TecnoAndroid
  • News
  • Android
  • Scienza e Tech
  • Recensioni
  • Gaming
  • Curiosità
  • IA
  • Motori
  • Offerte
  • Telco
  • TV
  • Contatti
TecnoAndroid
  • News
  • Android
  • Scienza e Tech
  • Recensioni
  • Gaming
  • Curiosità
  • IA
  • Motori
  • Offerte
  • Telco
  • TV
TecnoAndroid
TecnoAndroid
  • TecnoAndroid – News e Recensioni Tech
  • Recensioni
  • Scienza e Tecnologia
  • Curiosità
  • Intelligenza Artificiale
  • News
  • Offerte
  • Operatori Telefonici
Copyright 2021 - All Right Reserved
Home Scienza e Tecnologia
Scienza e Tecnologia

Un chip impiantato sotto pelle: nuove frontiere IoT

scritto da Federica Vitale 21/02/2017 0 commenti 2 Minuti lettura
chip
Condividi FacebookTwitterLinkedinWhatsappTelegram
31

chip

Un Grande Fratello impiantato nella mano

TecnoAndroid · su Google

Seguici su Google e non perdere nulla

Aggiungi TecnoAndroid alle tue fonti preferite su Discover e segui il nostro profilo Google: le notizie tech più importanti arrivano direttamente sul tuo telefono.

Seguici su:DiscoverGoogleGoogle NewsTelegram

Un microchip di identificazione impiantato sotto la pelle è, per alcuni, il naturale passo successivo verso l’Internet delle Cose e una porta per un futuro in cui la tecnologia servirà l’essere umano, direttamente incorporata nel suo corpo. Per altri, una società che propone ai propri dipendenti di impiantarsi nel corpo una “capsula” per aprire le porte o accedere al computer significherebbe una perdita di libertà e di privacy. E, questo, in una gara per una società in cui la tecnologia al servizio dei governi e delle imprese servirà a controllare i cittadini.

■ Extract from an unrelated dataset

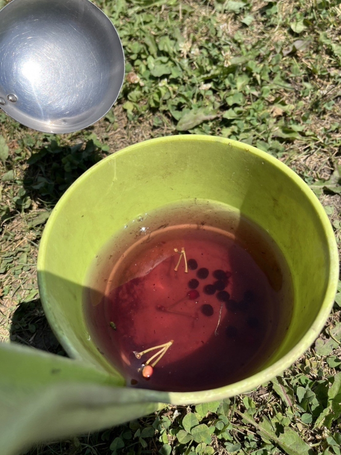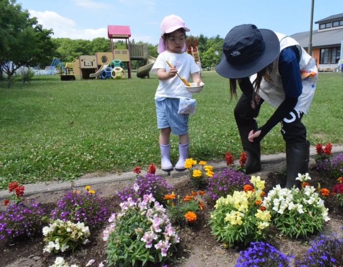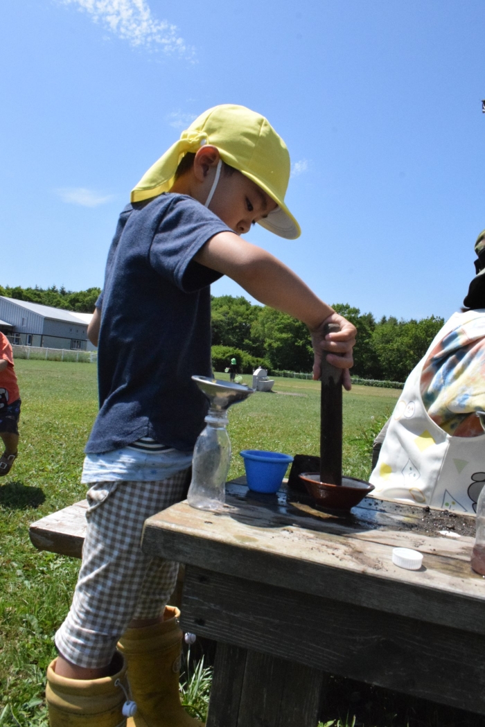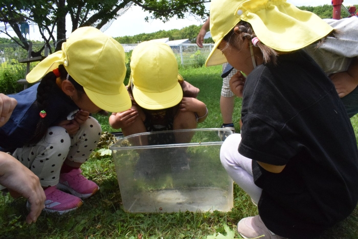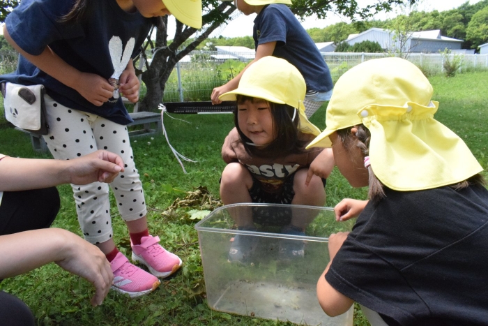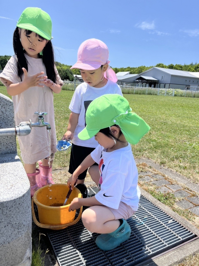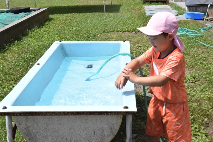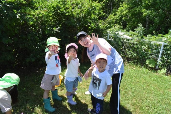 今日は昨日に比べるとだいぶ涼しくて過ごしやすかったですね。園開放日のお友達も外に出てきてくれて一緒に遊ぶことができました。花壇の花や,さくらの実をつぶして色水作りをしたりするお友達もいました。きれいなあかむらさき色になった色水を大切にしていましたよ。もも組さんはお部屋で飼っていた毛虫を逃がしてあげていたようです。毛虫に驚いてしまった園開放日のお友達もいたようです。写真のみご紹介しますね。
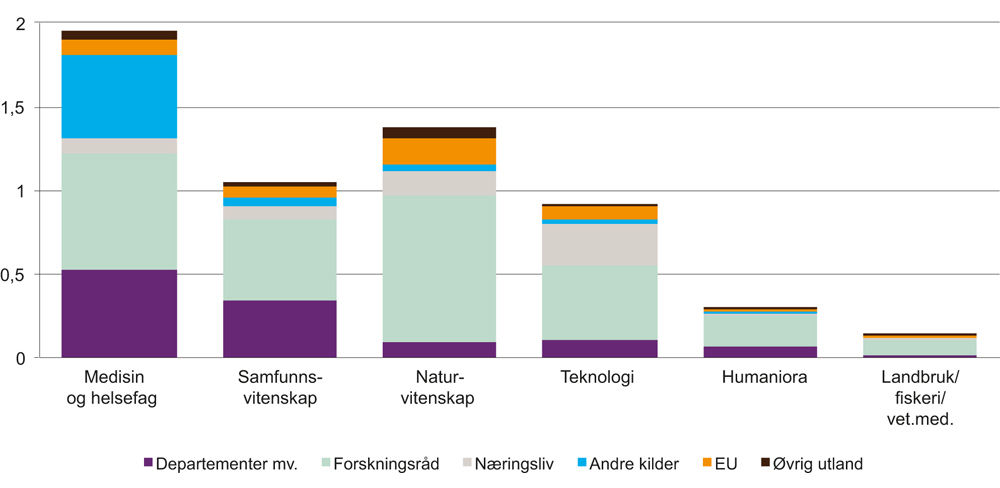 Figur 2.6 FoU-utgifter i universitets- og høyskolesektoren, etter fagområde og finansieringskilder utover grunnbudsjett. 2015. Mrd. 2015-kr

“Non siamo il Grande Fratello e non siamo in grado di tracciare i nostri dipendenti con il chip (…). E’ solo un modo più semplice per aprire le porte o accedere al computer. E’ del tutto volontario“, ha detto Efe Tim Pauwels, Managing Partner NewFusion, una società belga specializzata in software di marketing digitale che vorrebbe un chip impiantato in molti dei suoi dipendenti.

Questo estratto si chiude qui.